Она все принимала: и притихавшую в нем шутку, и напускную строгость, почти угрозу в том, как он произнес ее имя, — принимала, мирилась, а губы плакали при сухих, отчаянных глазах. Что он знал об Алеше и о ней, об его отъезде из деревни?
— Уж ты под венец зашла — держись. — Голос Воронка потеплел, в нем пробивались и сострадание и готовность понять, но сильнее была в нем неумолимость жизни, простая и неотменимая. — Живешь хорошо, в достатке, свекровь у тебя — добрее не найти, чем не праздник! — Хотел еще об Иване сказать, но удержался: Ваню она лучше его знает, ничего он ей не откроет.

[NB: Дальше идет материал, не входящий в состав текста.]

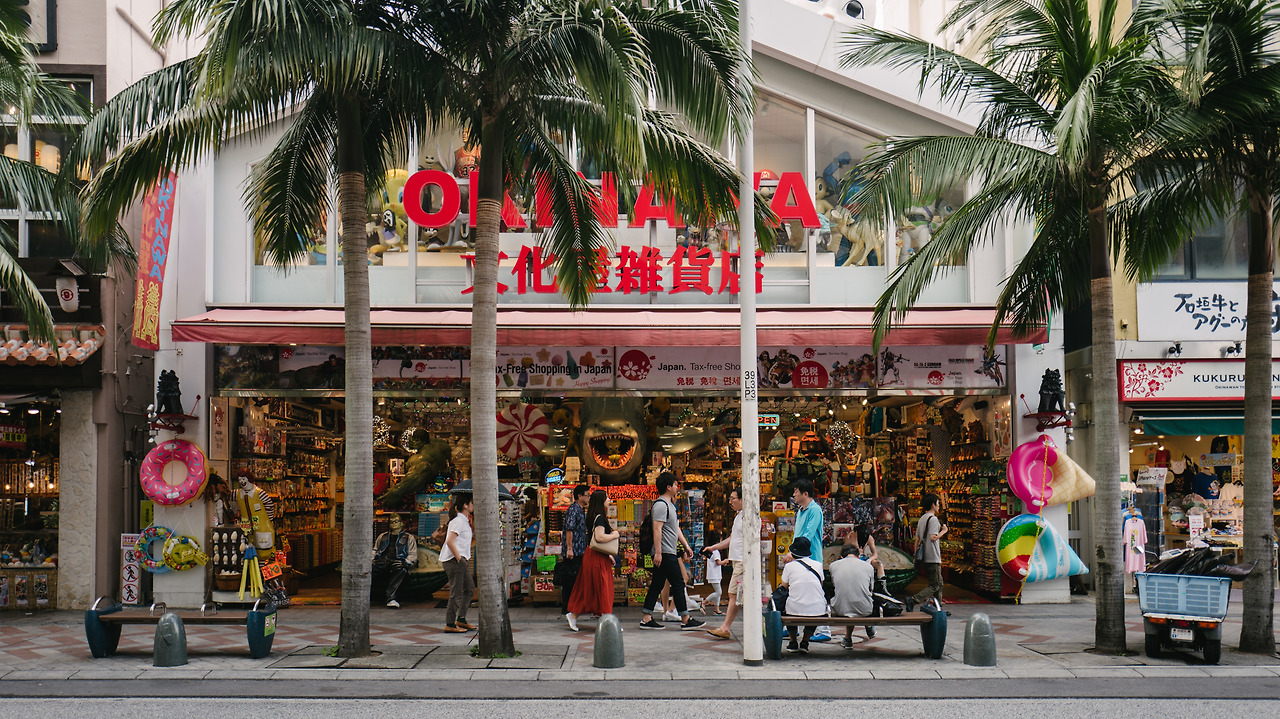 오키나와에서 가장 큰 번화가인 나하(那覇) 시 국제 거리. 길이가 1마일에 달해 ‘기적의 1마일’로 불리는 이 거리에는 관광객들을 대상으로 한 상점과 식당, 펍이 빼곡하게 늘어서 있습니다. 그들이 밝히는 조명과 끊임없이 모여드는 인파로 밤낮이 따로 없을 정도죠.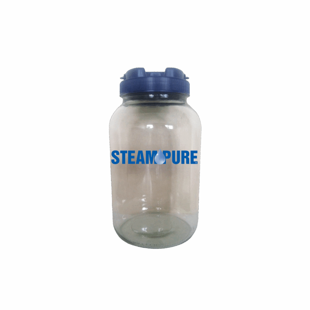 This 1 Gallon Glass Jug with lid and SteamPure decal can be used for water storage or other drinks. ย Order extras so that you can always have one empty ready to use with your water distiller. ย It is long lasting and easy to clean.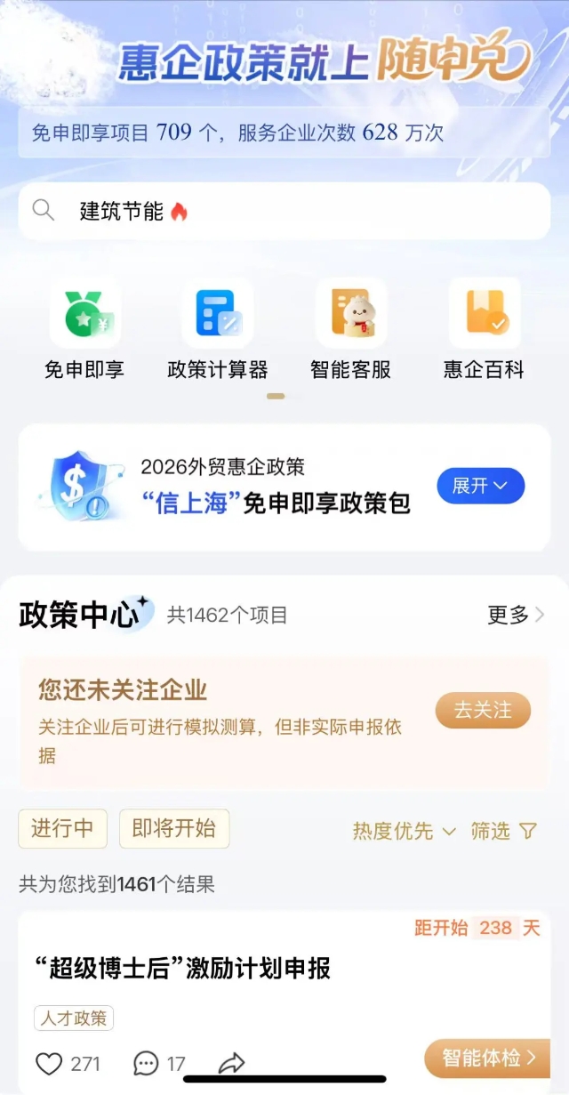 上海“随申办”全新上线惠企政策“随申兑”服务,可通过“随申办市民云”移动端(APP、微信小程序、支付宝小程序)查看相关惠企政策。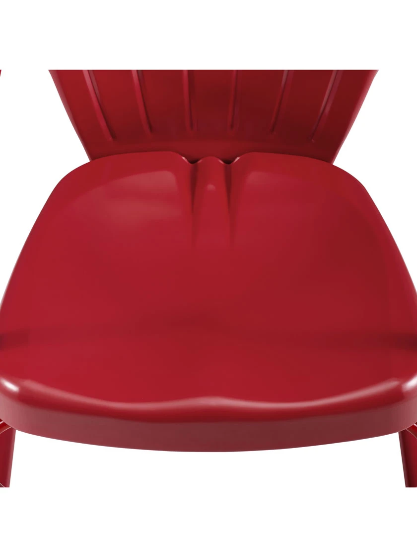 Inspired by the designs of yesteryear, the Ridgeland 5pc Dining Set brings class and charm to your outdoor space. Four vintage styled chairs in vibrant colors surround a simple metal dining table for a fun and functional outdoor dining experience. Each chair features a clamshell back with decorative grooves, plus a cantilever base that provides a relaxed seat for dining al fresco.

Рука Саши отпустила его. Она стиснула побелевшие губы, присиливая себя молчать, покачивалась легонько в печали и раскаянии, в душевной боли, которая так нескладно выплеснулась при Воронке.
— Уехал он от нас, Сашка, давно уехал, уже мы крест на нем поставили… — Он успокаивал ее и нетерпеливо топтался, готовый сорваться с места, озираясь ; на клокочущую рядом воду. — И ты забудь. Он кому хочешь мозги забьет, а тебе с ним детей не крестить…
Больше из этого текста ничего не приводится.